La guerre fait bien plus pour la paix que les traités. Ce sont même les traités qui créent le plus la guerre. Ils mettent des pays sous pression et créent des précédents irréversibles. Celui de Versailles disait que l’Allemagne paierait et il y eut la guerre. Le Japon est le pays du soleil levant. C’est aussi celui des sumos : quand il se bat il en fait des tonnes mais c’est extrêmement rare. Sa population vieillit. Sa jeunesse est triste. Son 1er ministre est impopulaire. Son économie est vieillissante. Ses finances sont moribondes. Il veut la paix. Mais il n’en a pas les moyens.
Le Japon est situé sur une zone sismique en termes géostratégiques. Entre la Chine, les États-Unis et la Russie. Au bord de la mer pour y baser une flotte et faire du commerce. Sans mers chaudes, point de ports. Près des terres pour occuper un espace vital et partir à l’attaque. Sur un relief accidenté pour résister aux agressions et ne pas se laisser envahir, tel l’Afghanistan avec ses montagnes ou l’URSS avec le Général Hiver. La géopolitique c’est de l’occupation et des positions. Il vaut mieux dominer la guerre de position que perdre la guerre de mouvement.
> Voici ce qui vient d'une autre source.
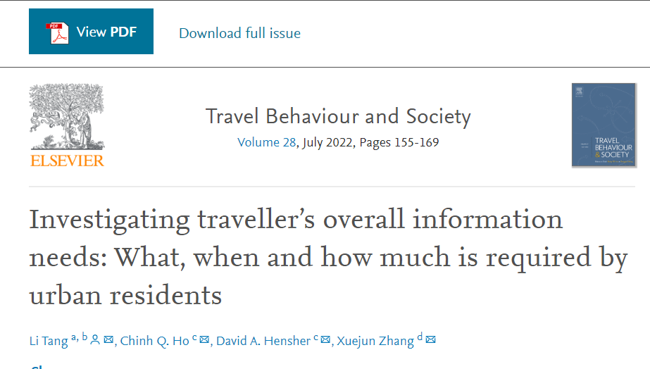 近日,我校汽车与交通学院唐立副教授在Travel Behavior and Society(二区,IF:4.983)上发表了题为“Investigating traveller’s overall information needs: What, when and how much is required by urban residents”的研究性学术论文。
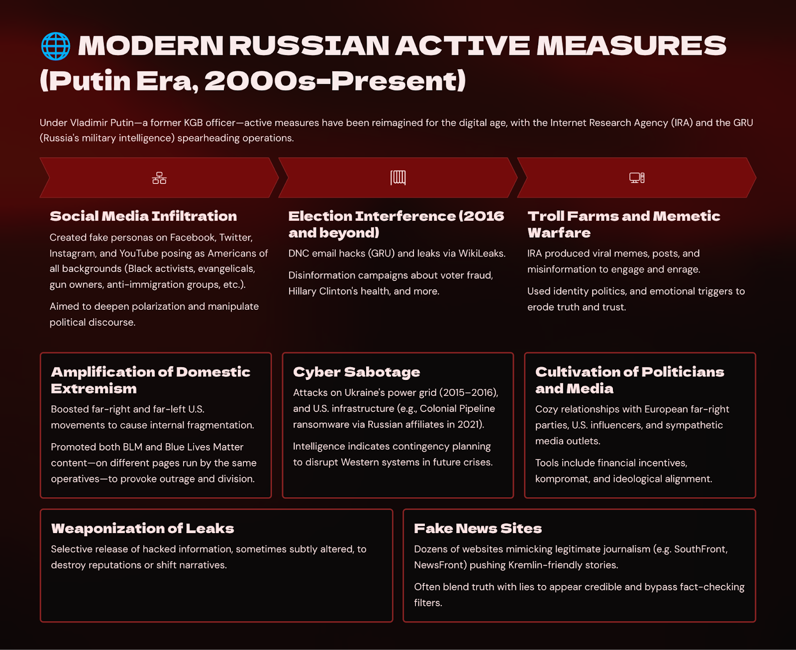 The collapse of the Soviet Union did not mark the end of active measures—as many in the West naively assumed—but rather their quiet transformation. Once Putin consolidated power, he began executing a long-simmering revenge campaign against the West, reviving Russia’s imperial ambitions through asymmetric means—most notably, by turning democratic elections into battlefields. Shaped by his KGB training and driven by a revanchist vision to restore Russian imperial influence, Putin understood that the internet is a borderless, real-time, and anonymous battlespace where the instruments of ideological subversion could be unleashed at unprecedented scale—veiled in plausible deniability, amplified by algorithmic reach, and executed at a fraction of the cost of traditional military confrontation.

Le Japon ne demande rien et il n’a d’ailleurs rien. Ni richesse naturelle qui fait de ces si petits espaces de tels enjeux géostratégiques. Le Zaïre pour l’uranium. Les Îles Malouines pour les zones économiques exclusives. Le Caucase pour le gaz. L’Irak pour le pétrole. La bande de Gaza pour l’eau. Le vignoble du Bordeaux pour le vin. On est souvent pauvre de ses richesses. Ni détroit stratégique comme le Bosphore et Gibraltar dont on dit qu’il ne faut laisser personne gérer les deux côtés. Le Japon s’est fait tout seul. Ce n’est ni un État-tampon ni un État bidon.